What are the lines, word for word, from the line with "RIBADEO, SPAIN - AUGUST" up to and including the line with "Mes choux de" in the records below? Omit the pictures.

────────────────────────────────────────

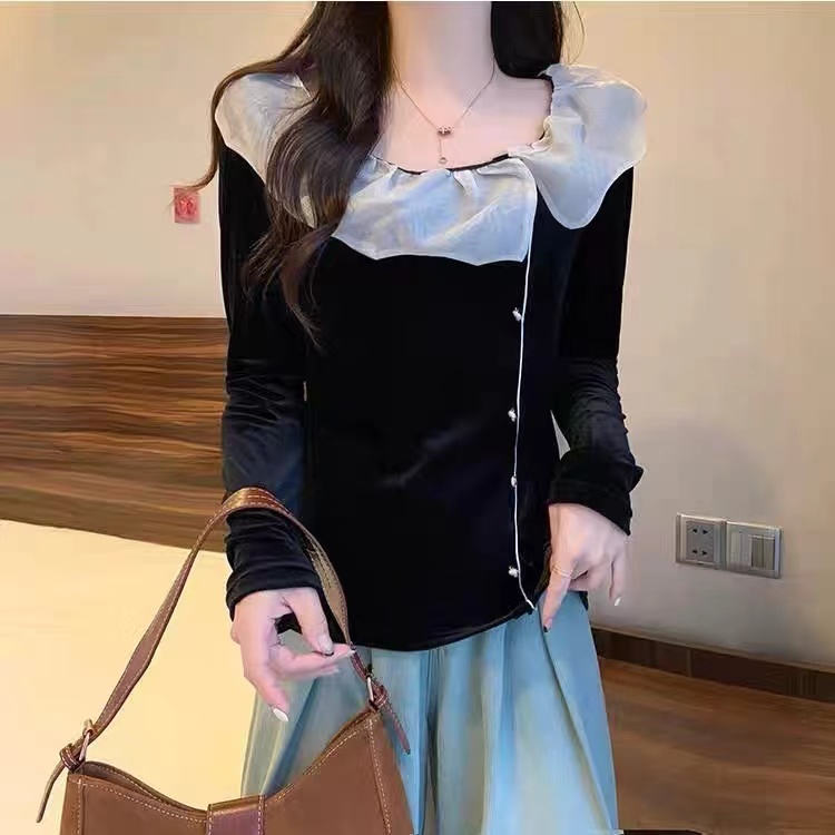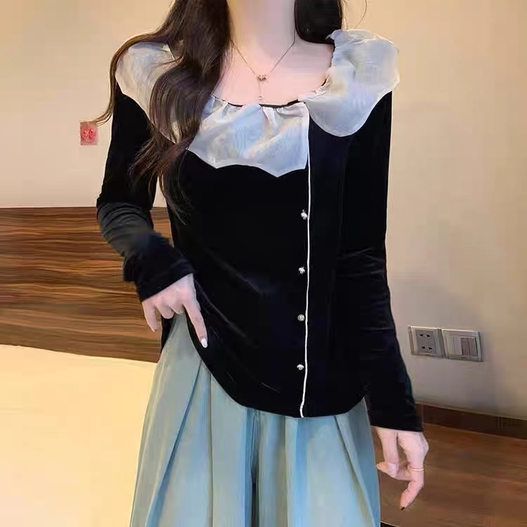 好看的哦~5112金丝绒拼网纱领小衫上衣-喜出
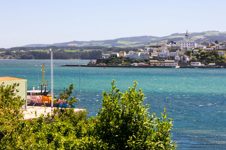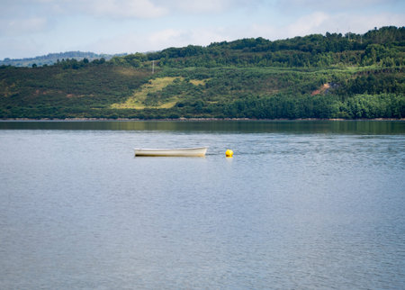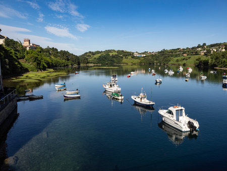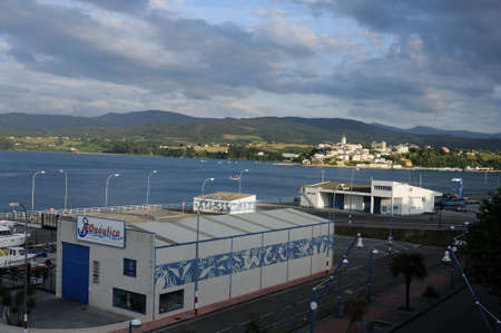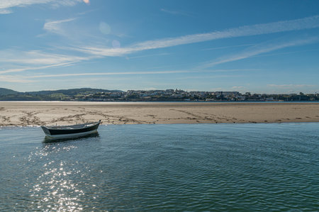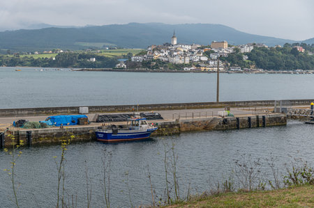 RIBADEO, SPAIN - AUGUST 30, 2022: View of the port of Ribadeo (Galicia), with the town of Castropol (in Asturias) in the background, on the other side of the Eo estuary, northern Spain
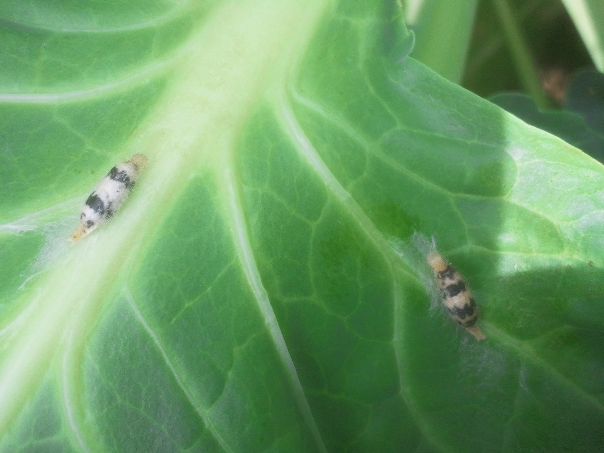 Mes choux de Bruxelles ayant les feuilles mangées, j'ai repéré quelques chenilles de piéride du chou (donc essai d'élimination avec le purin d'ail et de laurier dès ce soir) et en inspectant j'ai trouvé "ça" sur une feuille. Savez-vous de quoi il s'agit ?
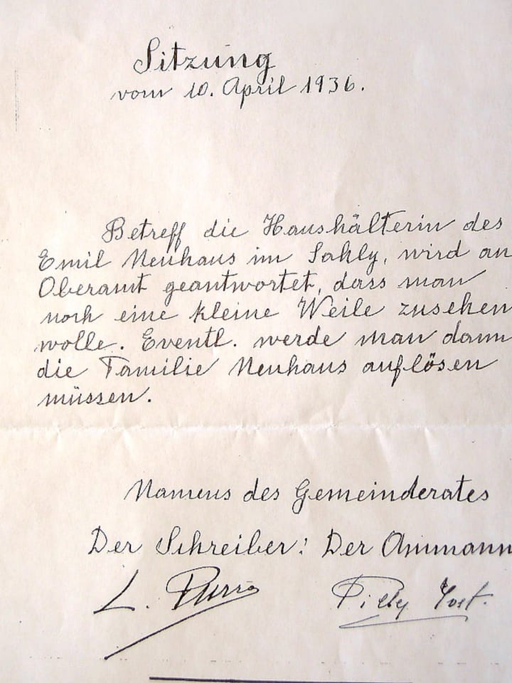 Als Zita Neuhaus 1992 zum ersten Mal an die Gemeinde gelangte, teilte man ihr salopp mit, über ihre Familie gebe es gar keine Dokumente mehr. Vor zwei Jahren verhalf ihr die Opferberatungsstelle zu einem neuen Anlauf. Alles, was die Gemeinde schliesslich herausrückte, waren fünf kurze Gemeinderatsbeschlüsse von 1935 und 1936. Inhalt: Einmal hatte der Grossvater den Pachtzins nicht bezahlt, dann sollte ein Bürge für die Schuld einstehen, dann hiess es, vielleicht müsse man die Familie «auflösen» und die Kinder «ins Waisenhaus verbringen». Schliesslich die Notiz vom 28. Juni 1936 – mit einer Liste, welches Kind zu welcher Familie «in Pension» gegeben wird. Dieser Entscheid führte zur öffentlichen Verteilaktion.
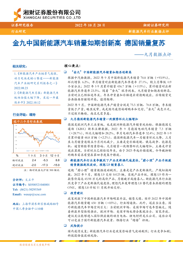 【湘财证券】【20221020】新能源汽车行业九月数据点评:金九中国新能源汽车销量如期创新高,德国销量复苏-16页

────────────────────────────────────────

# ANSWER FOR THE TASK
 RIBADEO, SPAIN - AUGUST 30, 2022: View of the port of Ribadeo (Galicia), with the town of Castropol (in Asturias) in the background, on the other side of the Eo estuary, northern Spain
 Mes choux de Bruxelles ayant les feuilles mangées, j'ai repéré quelques chenilles de piéride du chou (donc essai d'élimination avec le purin d'ail et de laurier dès ce soir) et en inspectant j'ai trouvé "ça" sur une feuille. Savez-vous de quoi il s'agit ?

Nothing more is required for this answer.